Influenza virus hemagglutinin is by far the best-characterized viral fusion protein. Its prefusion conformation was determined in 1981, the earliest for all viral glycoprotein antigens (48). The HA ectodomain is a homotrimer, with each protomer containing two polypeptides, HA1 and HA2, generated from a single nascent peptide chain through protease cleavage. Each HA trimer comprises a large membrane-distal, globular domain that binds to glycan receptors on host cells and an elongated membrane-proximal domain (stem region) dominated by intertwined and interconnecting α-helices (see Fig. S1 in the supplemental material). The membrane-distal domain is formed only by HA1 and can be divided roughly into receptor-binding (furthest from the viral membrane) and vestigial esterase subdomains. The stem region is the main component of the HA fusion machinery and is comprised of HA2 (F fusion subdomain) and the N- and C-terminal segments of HA1 (F′ fusion subdomain) (36, 37).

The connecting loop between the antiparallel helices of HA2, the B loop, has a high propensity for a helical conformation (44) and transforms itself into part of a long α-helix in the postfusion HA (6, 8).

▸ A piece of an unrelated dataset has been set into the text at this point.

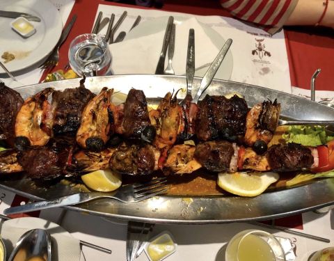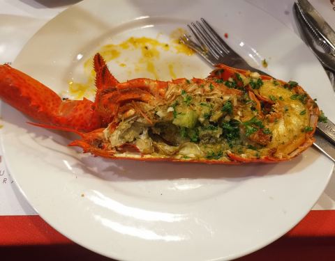 这是其中一家,以大份量海鲜闻名,餐前面包颇硬,会嚼到咀嚼肌酸,普普通通吧,推荐一个自制格栅算是套餐,62.5欧元,份量2个人吃就很够,有2只已剖好的龙虾,5只(去壳)小虾,
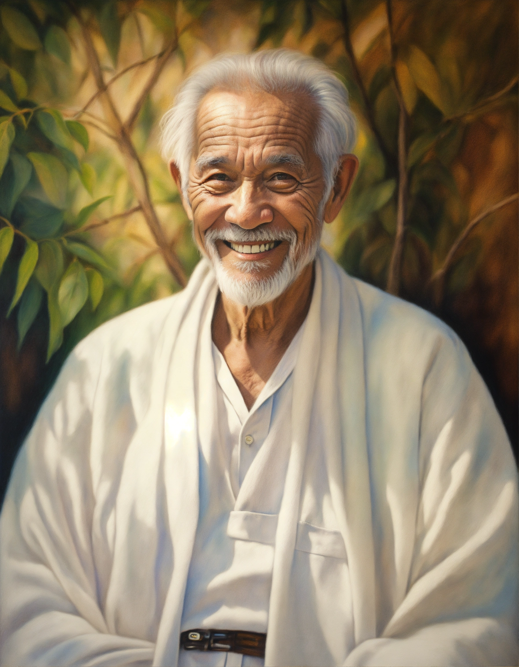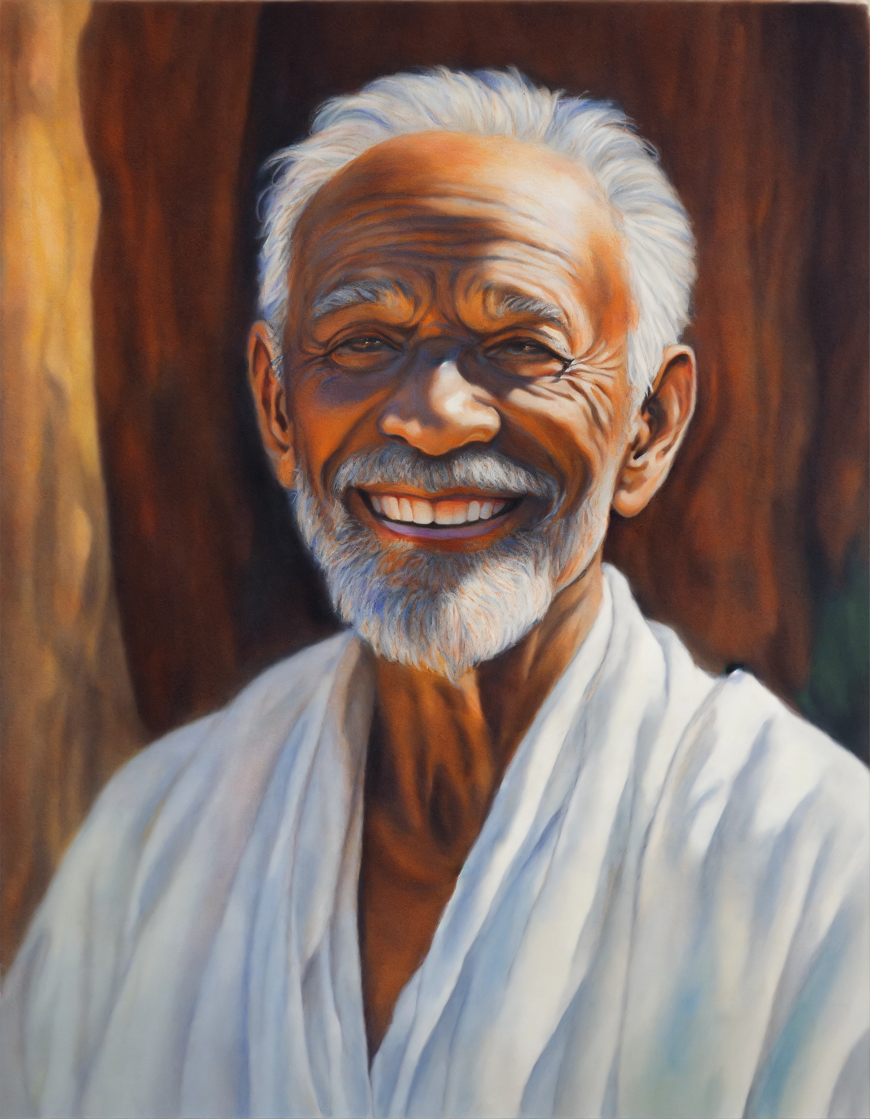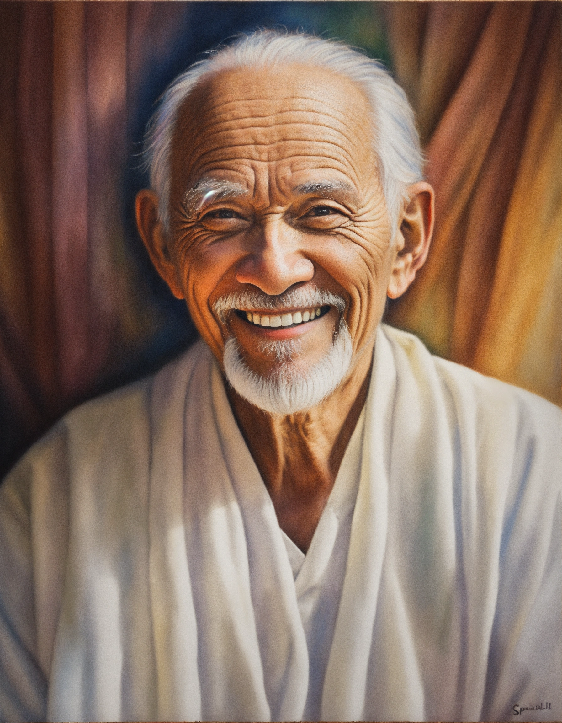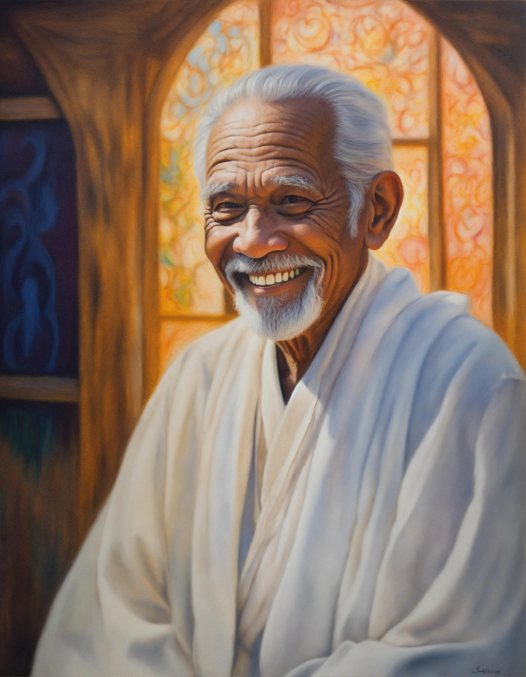 Colored pencil painting of a spiritual mentor, old man, a beautiful smile, wearing white clothes, white skin. a soul. spirit. spiritual art.

This loop-to-helix transition enables extension of the central coiled coil and facilitates relocation of the fusion peptide toward the target membrane (19, 33). This B loop in the prefusion state is then trapped in a metastable conformation during protein expression and transport via the endoplasmic reticulum and Golgi compartment to the cell surface, since recombinant HA2 by itself spontaneously folds into the postfusion conformation (7, 10). The molecular mechanism for release of the B loop from its metastable state is still unclear, although some rearrangement of HA1 is apparently required (2, 18, 23).

Similarly, little is known about the key residues that are thought to be protonated at low pH to initiate the fusion-related conformational changes. Protons are the sole signal needed to elicit HA fusion activity. Many mutations affecting the pH of fusion have been mapped throughout the HA trimer, most notably at subunit-subunit and domain-domain interfaces (13, 34, 42). Yet identifying the molecular identities of the “pH sensors” in HA has been a tremendous challenge, as for other pH-mediated viral fusion proteins (21). Many residues could have pKas in the pH range of 5 to 6 and thus serve as potential candidates for the pH sensor, including histidines, glutamates, and aspartates. Redundancy of ionic interactions, charge reversal mutations, and switching of salt bridges throughout evolution further complicate detailed characterization by traditional sequence-based analysis and mutagenesis studies. Structural study of fusion intermediates is equally difficult given their transient nature. Intermediates of HA fusion have been probed using indirect methods of antibody binding, limited proteolysis, and cryo-electron microscopy, etc. (5, 25, 26, 32, 47). These studies mapped out the general principles of hemagglutinin fusion, but further appreciation of the intricacies of the fusion mechanism has awaited structural views of fusion intermediates at the atomic level.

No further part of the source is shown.